The situation where resonance occurs in a DDHO system is not just confined to sinusoidal driving forces. Using Fourier analysis, we can decompose more arbitrary driving forces into a sum of sinusoidal driving forces of different frequencies. The simplest of these cases is when the driving force is periodic with some period \(\tau\). Even if the driver isn’t sinusoidal, we can decompose it into a linear combination of cosines of different frequencies, i.e. a Fourier Series, \[ f(t) = \sum_{n=-\infty}^{\infty} f_n e^{i \omega n t}, \] where each \(f_n\) can be found via the formula \[ f_n = \langle f(t), e^{i \omega n t} \rangle = \frac{\omega}{\pi} \int_0^{\tau} f(t) e^{i \omega n t} dt. \] Using the principle of superposition, we could then find the solution for each of the sinusoidal drivers term by term, and then sum them together to get the full solution. Each term will have amplitude and phase \[ A_n = \frac{f_n}{\sqrt{(\omega_0^2-\omega^2 n^2)^2 + (2\beta\omega n)^2}}, \quad \delta_n = \tan^{-1} \frac{2\beta\omega n}{\omega_0^2-\omega^2n^2}. \] Plugging these in will yield a general solution of the form \[ x(t) = x_h(t) + \sum_{n=1}^{\infty} A_n \cos(\omega n t - \delta_n). \] Each component will yield its own resonance frequency where \(\omega n \approx -\omega_0\). As a function of the main driving frequency, this means there will resonances at each \(\omega_n = \frac{\omega_0}{n}\).

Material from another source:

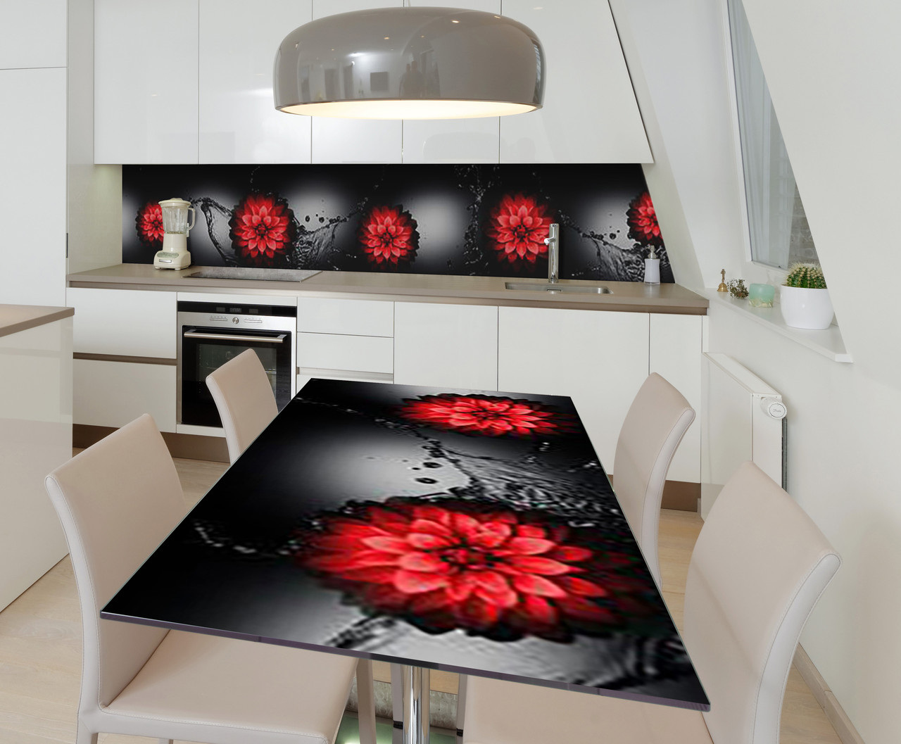 Опис Наклейка 3Д вінілова на стіл Zatarga «Жоржини у воді» 600х1200 мм для будинків, квартир, столів, кав'ярень, кафе

The resonance curve for \(A^2\) can be found via Parseval’s Theorem, which says \[ A^2 = \langle x^2(t) \rangle = \frac{1}{2} \sum_{n=0}^\infty A_n^2. \] The peaks evidently go to zero as \(n \rightarrow \infty\) since each \(A_n^2 \propto f_n^2\) and each \(f_n \rightarrow 0\) by the Riemann–Lebesgue lemma.

What if the driving force isn’t periodic? In this case we have a few options. One would be to decompose it into its Fourier transform, \[ f(t) = \int_{-\infty}^{\infty} f(\omega) e^{i\omega t} dt. \] Then each term gives a set of complex amplitudes and phases that can be solved for and stitched back together to get \(x(t)\). Another solution that’s perhaps more common is to use Green’s functions. Instead of decomposing the driver into a linear combination of periodic functions, we’ll decompose it into a linear combination of impulse responses or delta functions, \[ f(t) = \int_{-\infty}^{\infty} f(t') \delta(t-t') dt'. \] To find the solution \(x(t)\), we first need to find the particular solution \(G(t-t')\) to the DDHO with an impulse response, \[ \ddot G + 2\beta\dot G + \omega_0^2 G = \delta(t - t'). \] Once this is found, we can stitch together the full solution as \[ x(t) = \int_{-\infty}^{\infty} f(t') G(t-t') dt'. \] Note the Green’s function solution already incorporates in the homogeneous solution since \(G(t-t')\) must itself satisfy the initial conditions.